To do — Leave the pictures out and write out the rest of the listing word for word.

=======

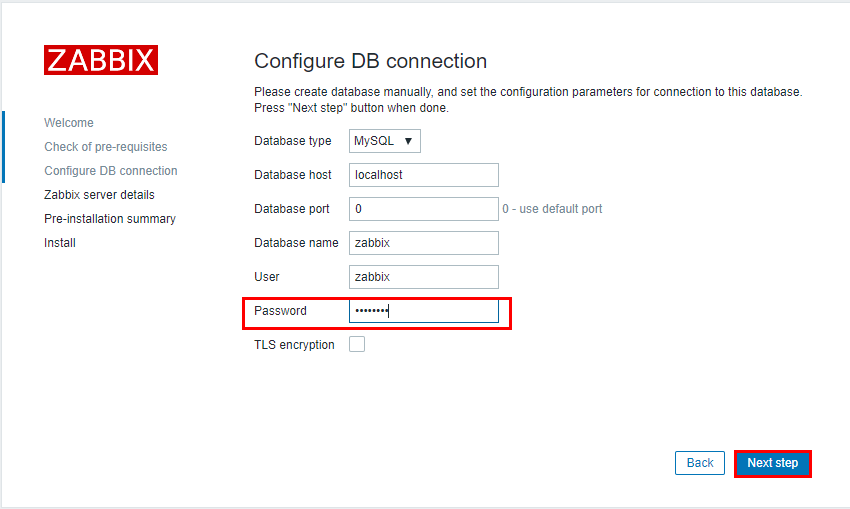 기본 zabbix DB 입력 password 입력하라고 나오는데 위 password 입력
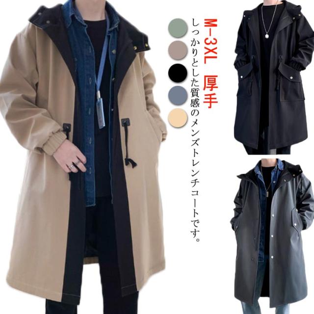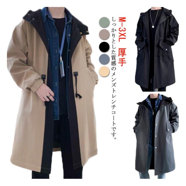 トレンチコート 紳士服 中綿入り メンズ ロングコート 大きいサイズ ビジネスコート ピーコート ミディアム丈 スプリングコート 冬服 ダッフルコート マウンテンパーカー カジュアル フード付き チェスターコート Pコート コットン メルトン 通勤 通学 厚手
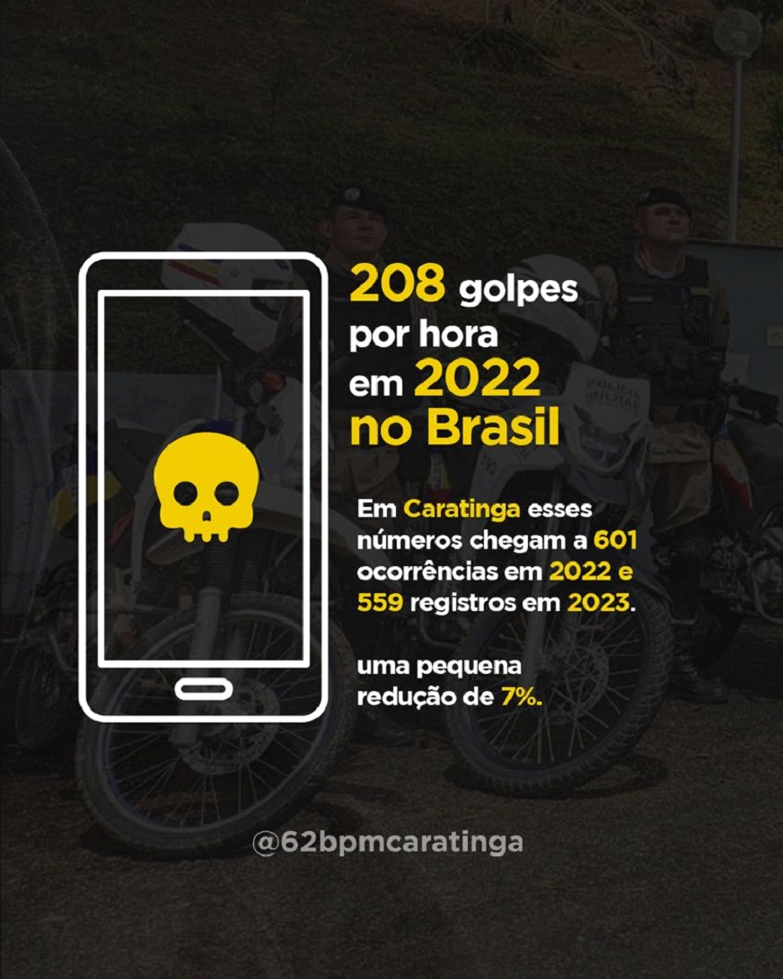 Ainda de acordo com a sargento Vívian, em Caratinga essa realidade não é diferente e a comunidade local está sendo cada vez mais afetada por esses golpes. “Na área de responsabilidade do 62º BPM foram registradas um total de 1.522 ocorrências em 2022 e em 2023 1.527 ocorrências, um pequeno aumento. Em Caratinga esses números chegam a 601 ocorrências em 2022 e 559 registros em 2023, o que representa uma pequena redução de 7%, porém, em análise dos dados verifica-se ainda um número muito alto de registros”.
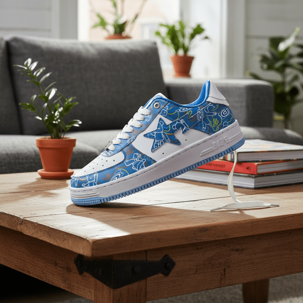 BAPE STA Blue Graphic Low Top Sneakers Men
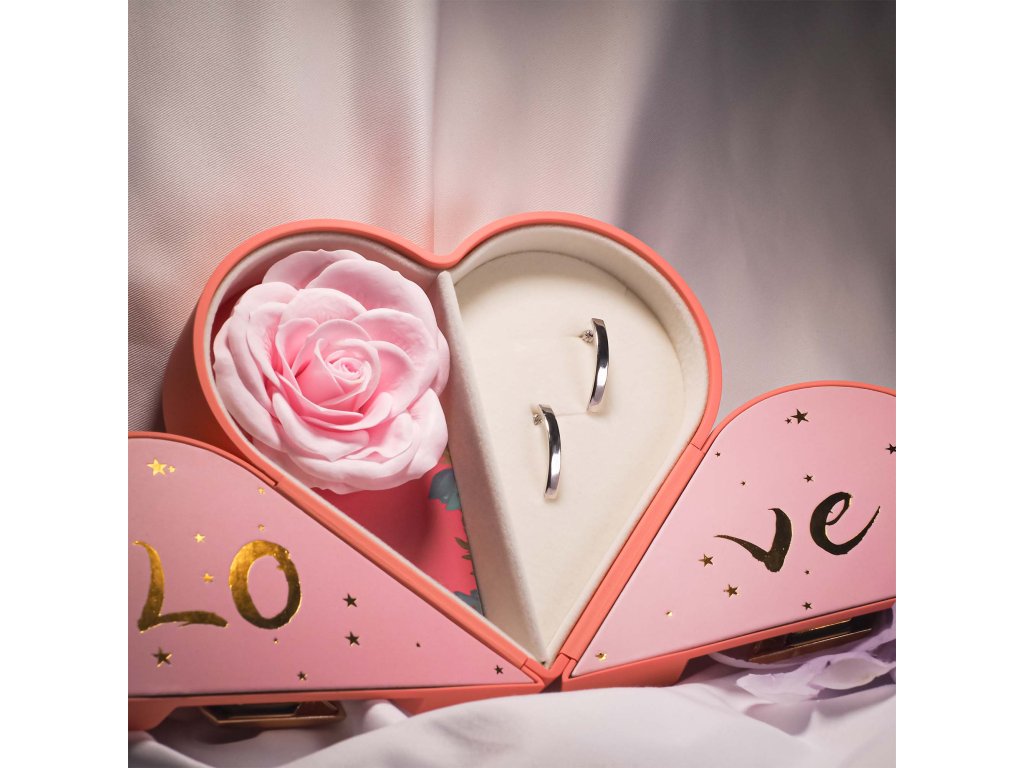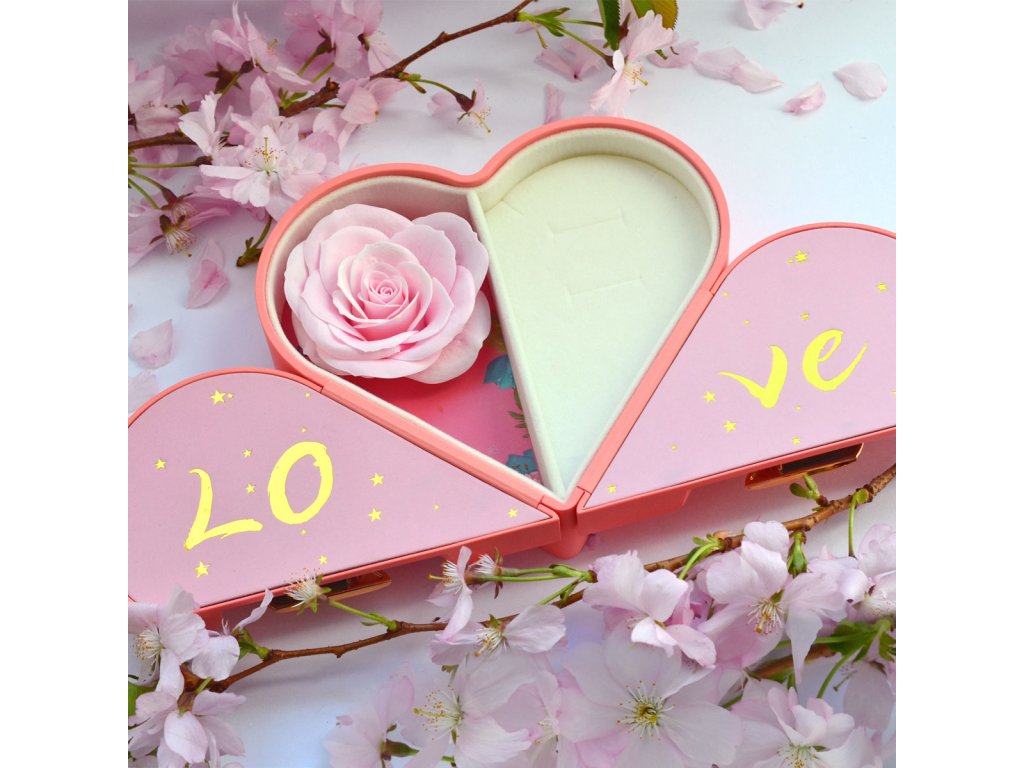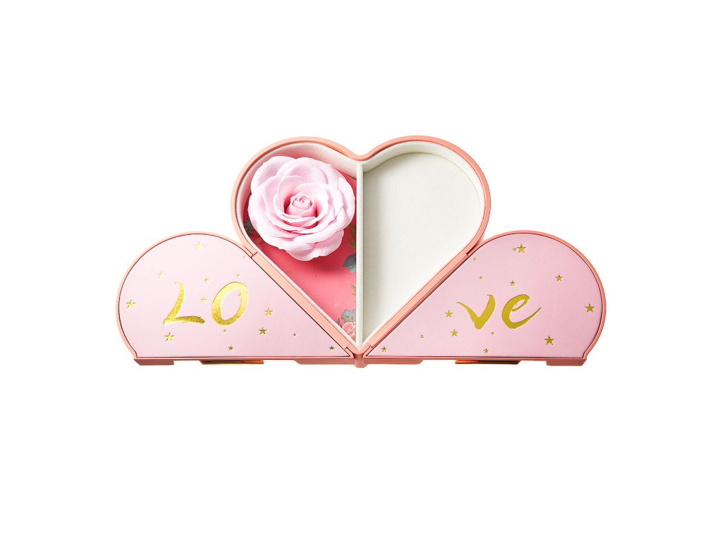 Díky svému designu se stane nejen krásným obalem, ale i vzpomínkovou šperkovnicí. Krabička vypadá romanticky, což ji činí ideální volbou pro darování k příležitostem jako Valentýn, výročí. Krabička obsahuje praktickou přihrádku určenou k uložení šperků – například náhrdelníku, prstýnků nebo náušnic. Uvnitř krabičky se nachází něžná růžička, která dodává celému balení jedinečný a luxusní nádech.

=======

Answer area —
 기본 zabbix DB 입력 password 입력하라고 나오는데 위 password 입력
 トレンチコート 紳士服 中綿入り メンズ ロングコート 大きいサイズ ビジネスコート ピーコート ミディアム丈 スプリングコート 冬服 ダッフルコート マウンテンパーカー カジュアル フード付き チェスターコート Pコート コットン メルトン 通勤 通学 厚手
 Ainda de acordo com a sargento Vívian, em Caratinga essa realidade não é diferente e a comunidade local está sendo cada vez mais afetada por esses golpes. “Na área de responsabilidade do 62º BPM foram registradas um total de 1.522 ocorrências em 2022 e em 2023 1.527 ocorrências, um pequeno aumento. Em Caratinga esses números chegam a 601 ocorrências em 2022 e 559 registros em 2023, o que representa uma pequena redução de 7%, porém, em análise dos dados verifica-se ainda um número muito alto de registros”.
 BAPE STA Blue Graphic Low Top Sneakers Men
 Díky svému designu se stane nejen krásným obalem, ale i vzpomínkovou šperkovnicí. Krabička vypadá romanticky, což ji činí ideální volbou pro darování k příležitostem jako Valentýn, výročí. Krabička obsahuje praktickou přihrádku určenou k uložení šperků – například náhrdelníku, prstýnků nebo náušnic. Uvnitř krabičky se nachází něžná růžička, která dodává celému balení jedinečný a luxusní nádech.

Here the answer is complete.